War Is Peace
The world doesn't have to
choose between the Taliban and the US government. All the beauty of the
world-literature, music, art-lies between these two fundamentalist poles.
Arundhati Roy
Appeared
in Outlook... Oct 18, 2001.
As
darkness deepened over Afghanistan on Sunday, October 7, 2001, the US
government, backed by the International Coalition Against Terror (the new,
amenable surrogate for the United Nations), launched air strikes against
Afghanistan. TV channels lingered on computer-animated images of Cruise
missiles, stealth bombers, Tomahawks, 'bunker-busting' missiles and Mark 82
high-drag bombs. All over the world, little boys watched goggle-eyed and
stopped clamouring for new video games.
The UN, reduced now to an ineffective abbreviation,
wasn't even asked to mandate the air strikes. (As Madeleine Albright once said,
"The US acts multilaterally when it can, and unilaterally when it
must.") The 'evidence' against the terrorists was shared amongst friends
in the 'Coalition'. After conferring, they announced that it didn't matter
whether or not the 'evidence' would stand up in a court of law. Thus, in an
instant, were centuries of jurisprudence carelessly trashed.

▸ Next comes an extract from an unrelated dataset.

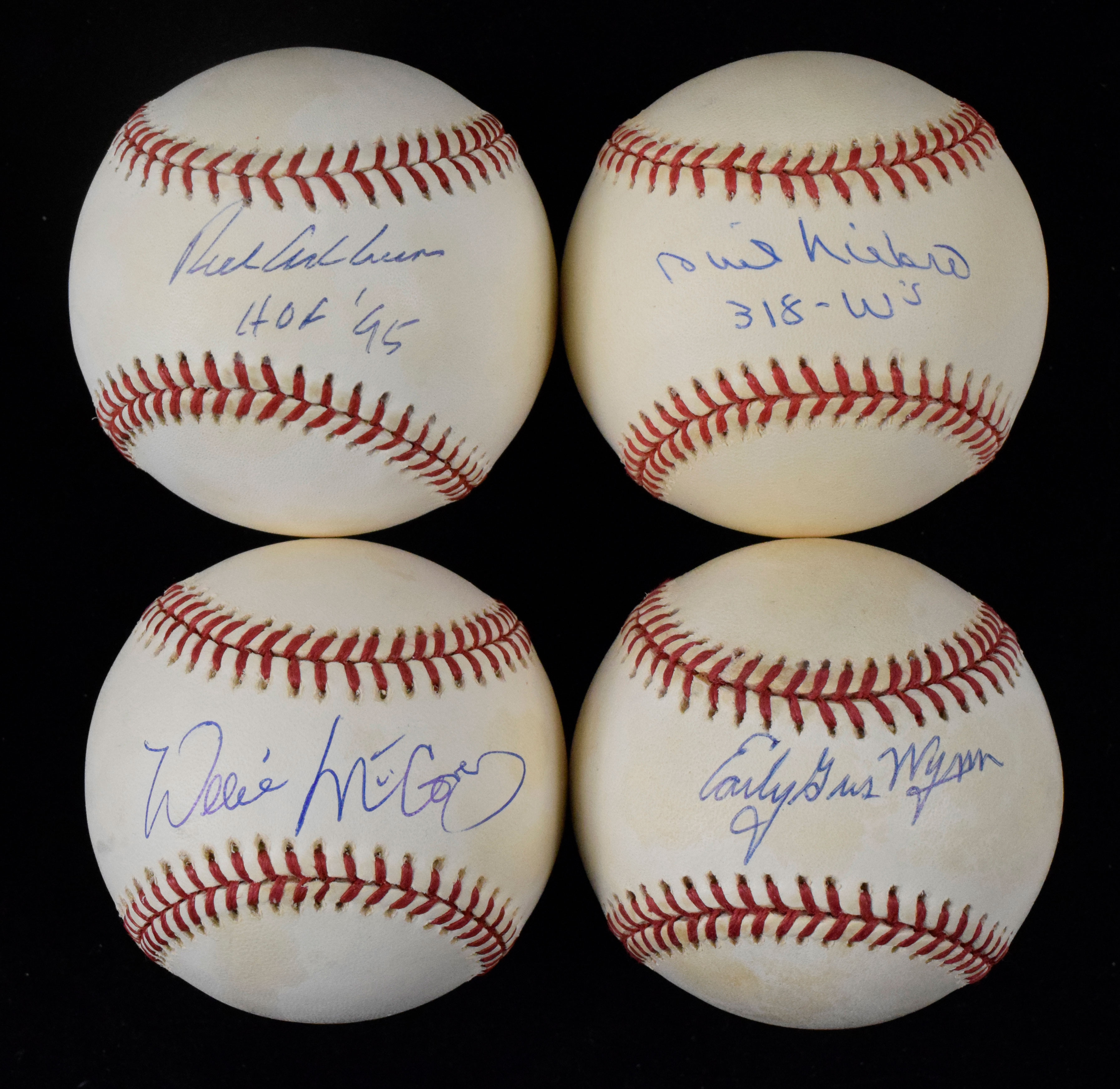 Description:Lot of (8) signed baseballs including HOFers (VG-EX/MT). Includes W.White NL ball signed by Richie Ashburn with "HOF 95" inscription, L.Coleman NL ball signed by Phil Niekro with "318 - W's" inscription, G.Budig AL ball signed by Early "Gus" Wynn, L.Coleman NL ball signed by Willie McCovey, B.Giamatti NL ball signed by Chris Short, B.Brown AL ball signed by Dom DiMaggio with "Li'l Professor" inscription, B.Brown AL ball signed by Clay Dalrymple, and L.Coleman NL ball dual-signed by Tony Gwynn and Chris Gwynn. Signatures rate 6 (Short) to 9/10 (avg 8) out of 10. Most balls appear to average EX overall due to various degrees of toning (Short most toned). Range: VG-EX/MT

Nothing can excuse or justify an act of
terrorism, whether it is committed by religious fundamentalists, private
militia, people's resistance movements-or whether it's dressed up as a war of
retribution by a recognised government. The bombing of Afghanistan is not
revenge for New York and Washington. It is yet another act of terror against
the people of the world. Each innocent person that is killed must be added to,
not set off against, the grisly toll of civilians who died in New York and
Washington.
People rarely win wars, governments rarely
lose them. People get killed. Governments moult and regroup, hydra-headed. They
first use flags to shrink-wrap peoples' minds and suffocate real thought, and
then as ceremonial shrouds to cloak the mangled corpses of the willing dead. On
both sides, in Afghanistan as well as America, civilians are now hostage to the
actions of their own governments. Unknowingly, ordinary people in both
countries share a common bond-they have to live with the phenomenon of blind,
unpredictable terror. Each batch of bombs that is dropped on Afghanistan is matched
by a corresponding escalation of mass hysteria in America about anthrax, more
hijackings and other terrorist acts.
There is no easy way out of the spiraling
morass of terror and brutality that confronts the world today. It is time now
for the human race to hold still, to delve into its wells of collective wisdom,
both ancient and modern. What happened on September 11 changed the world
forever. Freedom, progress, wealth, technology, war-these words have taken on
new meaning. Governments have to acknowledge this transformation, and approach
their new tasks with a modicum of honesty and humility. Unfortunately, up to
now, there has been no sign of any introspection from the leaders of the
International Coalition. Or the Taliban.
When he announced the air strikes, President
George Bush said, "We're a peaceful nation." America's favourite
ambassador, Tony Blair, (who also holds the portfolio of Prime Minister of the
UK), echoed him: "We're a peaceful people."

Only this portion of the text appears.